Stored data entries:
******************************
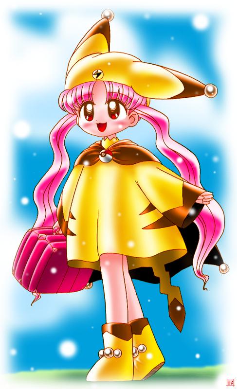1girl animal_ear_headwear artist_name bad_id bag boots border brown_cape cape cosplay day dress energy_(pokemon_tcg) fading_border fake_animal_ears fake_tail full_body gem gen_1_pokemon hat heel_up holding holding_bag iseno_yajin lightning_bolt_symbol long_hair long_sleeves nintendo open_mouth outdoors pikachu pikachu_(cosplay) pink_bag pink_hair poke_ball poke_ball_(basic) poke_ball_symbol pokemon pokemon_tcg princess_silver red_eyes sleeves_past_wrists smile solo standing tail twintails very_long_hair white_border wide_sleeves yellow_boots yellow_dress yellow_gem yellow_hat yume_no_crayon_oukoku
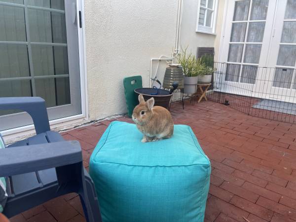 Help me locate my lost bunny! Charlie, who answers also to "Chichi," went missing (escaped through a doggie door, most likely) on Wednesday, 11/26 from our home on Cypress Tree Lane in Irvine. She is almost 7 years old, a Netherland Dwarf rabbit, and is about 3 pounds -- roughly the size of a football. She is orange with some white markings -- see photos.
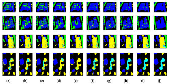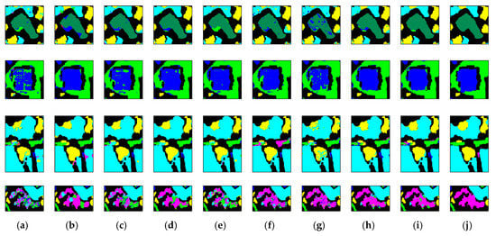 Comparison of local classification results obtained by: (a) original bands; (b) SLICRaw (when S = 15); (c) PGF (with r = 4); (d) SGF (with r = 5); (e) GFProb (with r = 6); (f) MPGF (with r = [1,25]); (g) EMPs (with r = [1,25]); (h) the proposed MSGF (with r = [1,25]); (i) the proposed FS-MSGF (with r = [1,25] and F = 30); (j) the reference map, where four rows correspond to four sub-regions highlighted in Figure 15 (Zh2).
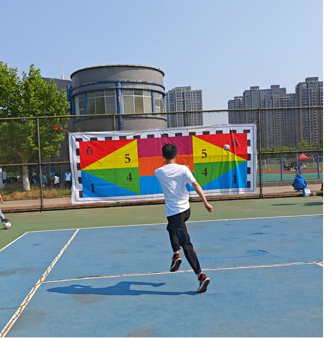 本次比賽采用“定點射門”賽制,塑膠籃排球場圍網(wǎng)上設(shè)足球墻,足球墻上根據(jù)進球難度設(shè)定不同得分,參賽者在距離球門11 米(罰球點)處進行足球射門,每人射門六次,以累計得分定勝負。明茂公司李曉龍展現(xiàn)出超凡的控球能力與精準度。他助跑、調(diào)整、起腳一氣呵成,足球如離弦之箭連續(xù)打中高分墻,贏得全場喝彩。
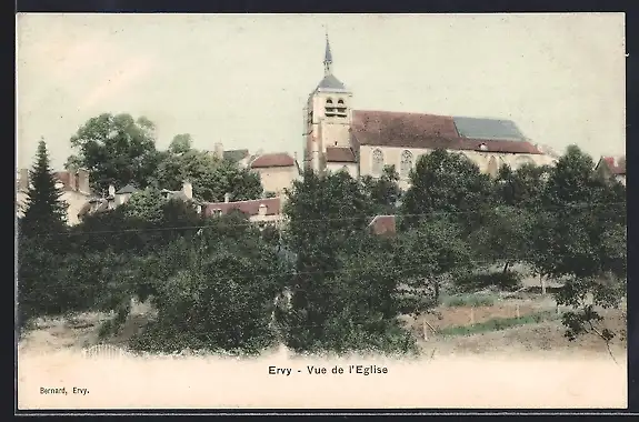 AK Ervy, Vue de l`Église et des environs verdoyants
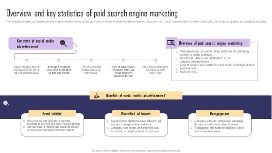 This slide showcases paid search advertisement overview and key statistics which can help to evaluate the effectiveness of this ad format. It also include benefits that are - drives traffic, eliminate competition and audience targeting. This Paid Internet Marketing Strategy Overview And Key Paid Search Engine Marketing Designs Pdf from Slidegeeks makes it easy to present information on your topic with precision. It provides customization options, so you can make changes to the colors, design, graphics, or any other component to create a unique layout. It is also available for immediate download, so you can begin using it right away. Slidegeeks has done good research to ensure that you have everything you need to make your presentation stand out. Make a name out there for a brilliant performance. This slide showcases paid search advertisement overview and key statistics which can help to evaluate the effectiveness of this ad format. It also include benefits that are - drives traffic, eliminate competition and audience targeting.
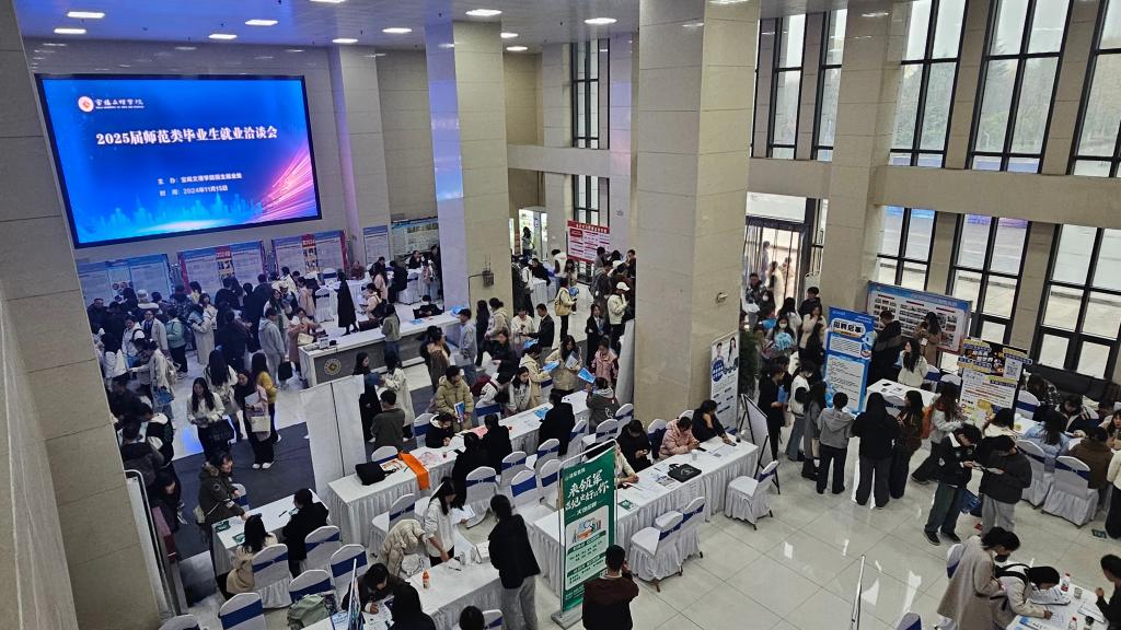 为进一步落实《陕西省教育厅关于开展秋季校园招聘月系列活动的通知》精神,全力推进2025届毕业生高质量充分就业,11月15日,学校联合江苏省南京市金职人才携9所知名学校、洛南县人力资源和社会保障局、延安衡水中学等近50家用人单位在高新校区博文楼一楼大厅举办了2025届师范类毕业生专场就业洽谈会。
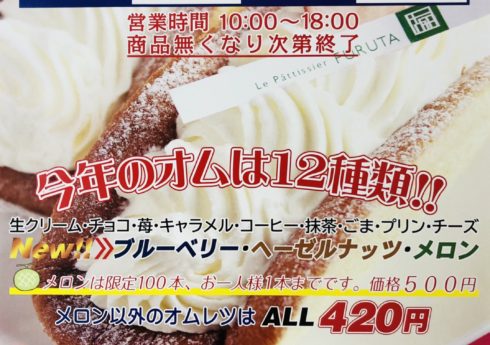 報告!オムの日!海の日15日!新作3品!ブルーベリー、ヘーゼルナッツ、メロン!メロンは100本限定でお一人様1点限り!毎年行列ができるイベントなので日傘や飲み物用意してきて下さい!一年で一度のオムレツが並ぶのでオムファン
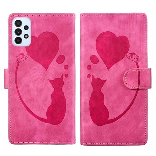 Estuche para Teléfono Samsung Galaxy A52 5G A52S 5G Cuero Relieve Gato Corazón con Bolígrafo (Rosa)
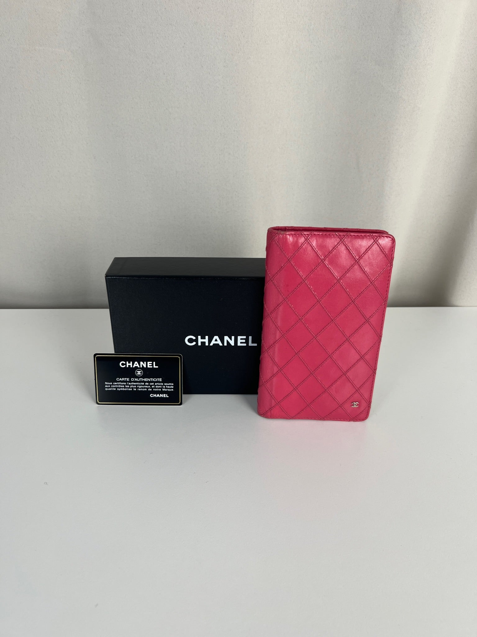 Chanel pink classic long wallet lambskin leather
******************************
Aim of the task: Every line from the top of the records above to the line with "Help me locate", inclusive, should be duplicated exactly, minus the pictures.

Task result:
1girl animal_ear_headwear artist_name bad_id bag boots border brown_cape cape cosplay day dress energy_(pokemon_tcg) fading_border fake_animal_ears fake_tail full_body gem gen_1_pokemon hat heel_up holding holding_bag iseno_yajin lightning_bolt_symbol long_hair long_sleeves nintendo open_mouth outdoors pikachu pikachu_(cosplay) pink_bag pink_hair poke_ball poke_ball_(basic) poke_ball_symbol pokemon pokemon_tcg princess_silver red_eyes sleeves_past_wrists smile solo standing tail twintails very_long_hair white_border wide_sleeves yellow_boots yellow_dress yellow_gem yellow_hat yume_no_crayon_oukoku
 Help me locate my lost bunny! Charlie, who answers also to "Chichi," went missing (escaped through a doggie door, most likely) on Wednesday, 11/26 from our home on Cypress Tree Lane in Irvine. She is almost 7 years old, a Netherland Dwarf rabbit, and is about 3 pounds -- roughly the size of a football. She is orange with some white markings -- see photos.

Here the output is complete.